Nowsissy - no, we definitely don't have a close relationship at all and they are not the sort of people who would listen to advice. Also, they are aware that I don't drink at all and that I won't buy more than 1 bottle of wine for the less than 24 hours they come to visit for (hence why they bring their own). Also, he caught me glaring at him when he started pouring out the second glass of wine each and cut those glasses short, only to top up later anyway

NowSissyThatWalk Sat 04-Jun-16 22:07:13

Travelling flowers

It's a really difficult one OP, it must be hard for you.
But if you're not that close anyway, do you really have much to lose?
You could try what the PP has said about calling their local force, I know from being in the Police though that we need to have reasonable cause to believe that they are over the limit (poor driving, smell of alcohol etc) before breathalising, so not sure a tip off is enough, it may well be though.

Bluetrews25 Sat 04-Jun-16 22:17:53

Please report them.
No respect for those who endanger others by drinking and driving.

Iknownuffink Sat 04-Jun-16 22:21:58

Yes, report them the next time they leave your home after drinking.

You would never live with yourself if they caused a fatal accident.

I tried to report my ex on an almost weekly basis. Went to a different village (same local police station). Finally he was caught, fined and banned.

queenofthepirates Sat 04-Jun-16 22:23:11

I'm so sorry you're in this position but if there is an accident, another family will be torn apart in the most devastating way possible.

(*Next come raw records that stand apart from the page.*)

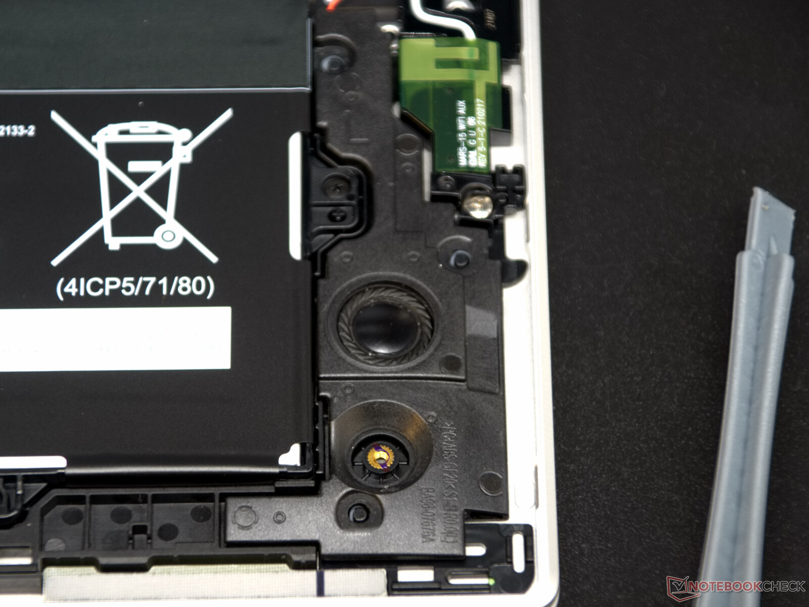 Trotz des geringen Platzangebotes schafft es Samsung einen vernünftigen Klang aus den Laptop-Lautsprechern zu bekommen. In den Tiefen fehlt es zwar deutlich an Volumen, Mitten und Höhen werden klar wiedergegeben. Für einen so flachen Laptop sind die Lautsprecher angemessen. Da Samsung einen 3,5 mm Klinkenanschluss verbaut hat, kann man externe Kopfhörer und Lautsprecher kabelgebunden oder über Bluetooth betreiben.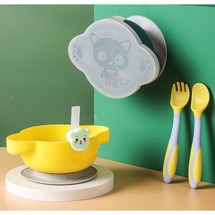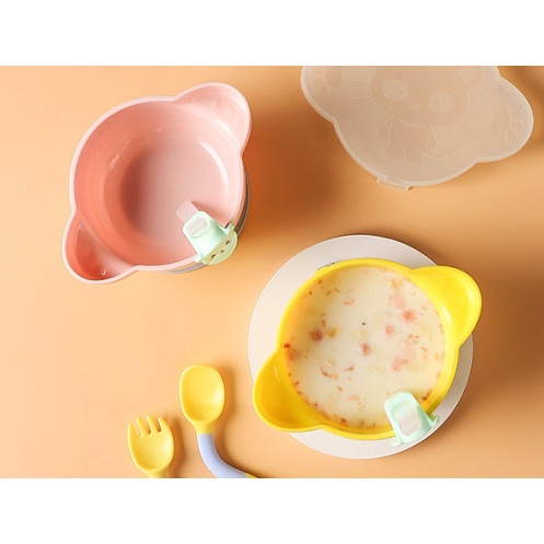 เซ็ตชามข้าวเด็กก้นดูดมีฝาปิด พร้อมช้อนส้อม+หลอดดูดซุป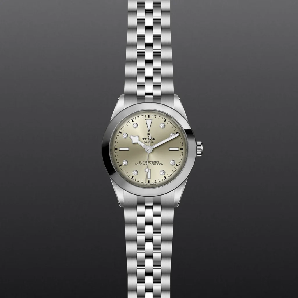 Caixa de 39 mm em aço, Bracelete em aço, Estojo Caixa de 39 mm em aço inoxidável com acabamento polido e acetinado, Bezel Luneta em aço inoxidável com acabamento polido e acetinado, Calibre de Manufatura MT5602 (COSC) Movimento mecânico de corda automática com sistema de rotor bidirecional, Mostrador Cor champagne claro com 8 diamantes, Coroa de rosca com a rosa TUDOR em relevo, Cristal Vidro de safira plano, Estanque até 100 m, Bracelete em aço inoxidável, acabamento polido e acetinado, com fecho desdobrável TUDOR “T-fit” e fecho de segurança, Tamanho Médio, Material Aço, Mostrador colorido.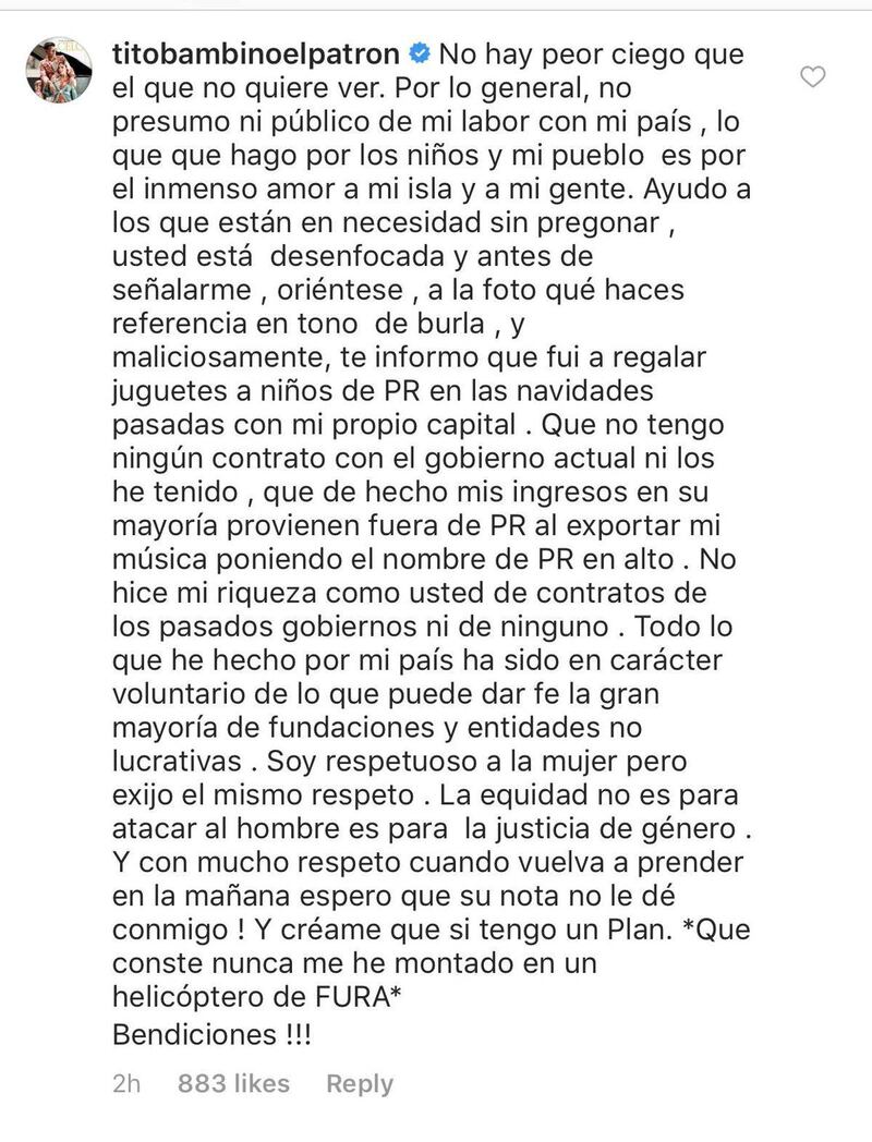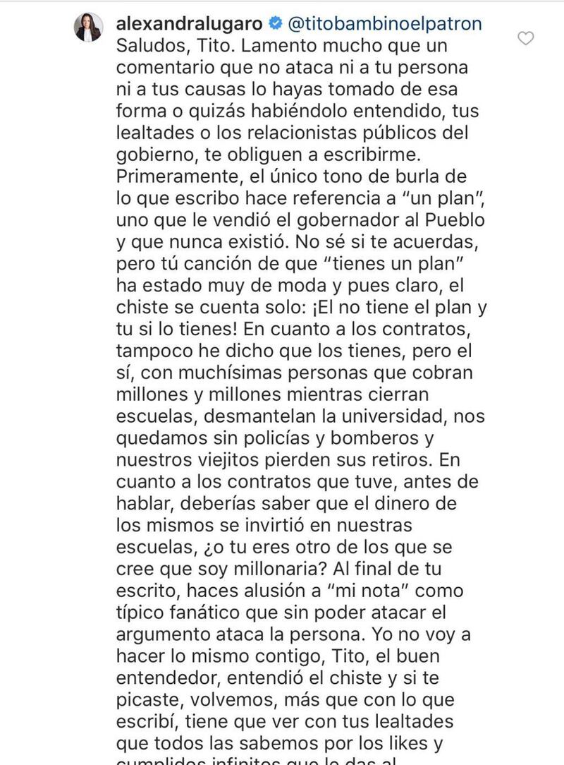 Pues sí, Lady Lúgaro le tiró duro a Tito, luego de que el otrora Bambino y ahora Patrón comentara un post en el que la excandidata a la gobernación criticaba el uso del helicóptero de FURA y ponía una fotito con el señor ChiquiTito.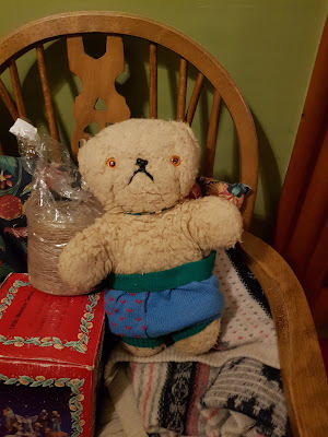 Picture 4: Poor Teddy is sitting downstairs at the moment, after being rudely grabbed from his perch in the bedroom by Orlando. He looks pretty traumatised, don't you think?

Please for everyone's sake (including theirs), find a way to report this now. The chances are there will be a list of other people who could have reported them so you might not be the prime candidate

CoolCarrie Sat 04-Jun-16 22:24:21

Frankly i would report them! Some poor soul could be killed because of their selfishness! Its ok if they wrap themselves around a lamppost but if they killed someone else they would be murderers in my opinion. It might be the wake call they need if they do get stopped. I wouldn't tell dh though it might just backfire on you.

LobsterQuadrille Sat 04-Jun-16 22:26:08

In my drinking days (recovering alcoholic), my DSis once reported me for possibly being over the limit. I was stopped and breathalysed and wasn't, but she had every right to do so and I wasn't annoyed at all. Drink driving can be deadly. Nobody should mind that others care enough about them and innocent people to report them if they have any suspicion.

I would report them if you have doubts next time.

caroldecker Sat 04-Jun-16 22:26:32

A bottle of wine is 9-10 units. Say 5 units per person, lose a unit per hour, say 3 units when leaving. Drink drive limit is about 4 units, so probably under the limit.

MonicaFree Sat 04-Jun-16 22:26:55

There's no dilemma. Report them.

ihatethecold Sat 04-Jun-16 22:28:36

They would still be over the limit from the night before
Then topping it up with lunchtime wine.

ihatethecold Sat 04-Jun-16 22:29:43

Your body only processes the alcohol once youve stopped drinking.

foursillybeans Sat 04-Jun-16 22:30:48

No question - report them. I have reported others before now. Drink driving is nothing to think about or consider..just report it. It kills people. Every year. Lots. They would all still be here if that driver had not had a drink before driving. They would still be with their families, loved ones, friends. Children have lots parents, parents have lost children, wives widowed, husbands alone...report them.